In particular, other features and advantages of the present invention will be described in detail in the detailed description that follows.

Drawings

The accompanying drawings, which are included to provide a further understanding of the invention and are incorporated in and constitute a part of this specification, illustrate embodiments of the invention and together with the description serve to explain the principles of the invention and not to limit the invention. In the drawings:

FIG. 1 is a schematic diagram of a conventional data retrieval system according to an embodiment of the present invention;

FIG. 2 is a flow diagram of a method of data retrieval provided based on the system architecture shown in FIG. 1;

FIG. 3 is a flow chart illustrating a method for data retrieval according to an embodiment of the present invention;

FIG. 4 is a system architecture diagram for data retrieval according to an embodiment of the present invention;

FIG. 5 is a flow chart diagram of a method of data retrieval provided based on the system architecture shown in FIG. 4;

fig. 6A is a schematic structural diagram of a server according to an embodiment of the present invention;

fig. 6B is a schematic structural diagram of another server according to an embodiment of the present invention.

Detailed Description

The following detailed description of embodiments of the invention refers to the accompanying drawings. It should be understood that the detailed description and specific examples, while indicating the present invention, are given by way of illustration and explanation only, not limitation.

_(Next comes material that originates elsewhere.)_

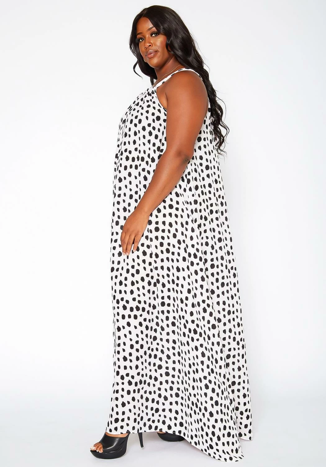 Delightful plus size women’s maxi dress in dotted pattern, sleeveless design, fit to flare end, pocket ascent and self tie closure.

In order to make it easier for those skilled in the art to understand the improvement of the embodiment of the present invention compared with the prior art, a brief description of the data retrieval method of the prior art is first provided below.

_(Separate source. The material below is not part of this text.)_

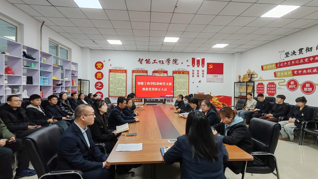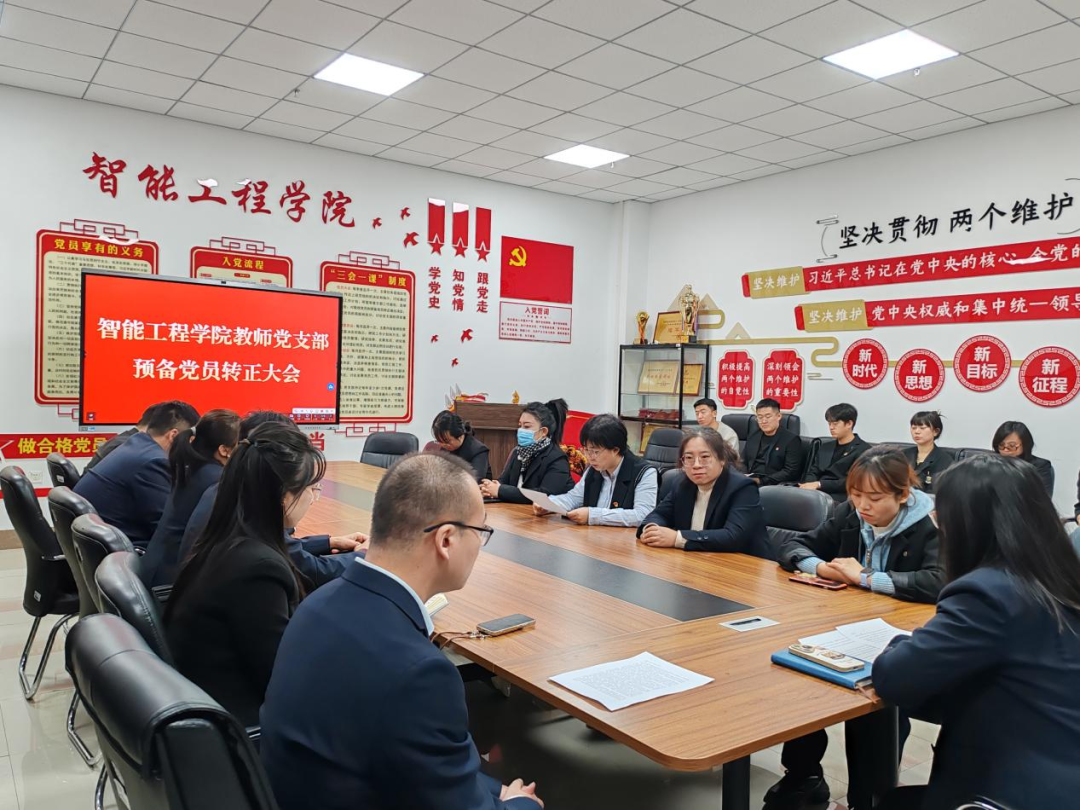 为严格党员发展程序、强化党员队伍建设,12月8日,智能工程学院教师党支部在主教学楼414会议室召开预备党员转正大会,全体党员教师参加会议,会议由党支部书记韩蓉同志主持。

Fig. 1 shows a conventional system architecture, which includes a server 10, and the server 10 runs a Java virtual machine JVM 101 and an in-heap memory 102 of the JVM. The system architecture also includes a storage device 11 coupled to the server 10. The storage device 11 may be a magnetic disk, which stores data objects.

Based on the system architecture shown in fig. 1, a data retrieval process in the prior art is shown in fig. 2, and includes:

s201, the server acquires a keyword for searching.

It is worth noting that the data objects in the storage device include a plurality of attribute information. For example, in the case where the data object is a user, the data object may include a plurality of information such as the user's name, date of birth, identification number, and the like. The keyword in step S201 may be any attribute information of the data object, such as the birth date of the user.

S202, the server searches all data objects stored in the storage device according to the keyword.

S203, the server stores all the data objects with the key words in the in-heap memory.

According to the above process, in the prior art, the retrieval results are stored in the in-heap memory, so that the in-heap memory is easy to overflow when the retrieved data volume is large, and the in-heap memory has a low read-write rate, which affects the retrieval efficiency. The above problems are solved in the embodiments of the present invention, which are described in detail below.

An embodiment of the present invention provides a data retrieval method, where the method is applied to a server, where the server runs a JVM, and the server includes an in-heap memory and an out-of-heap memory, as shown in fig. 3, the method includes:

s301, the server acquires a keyword for search.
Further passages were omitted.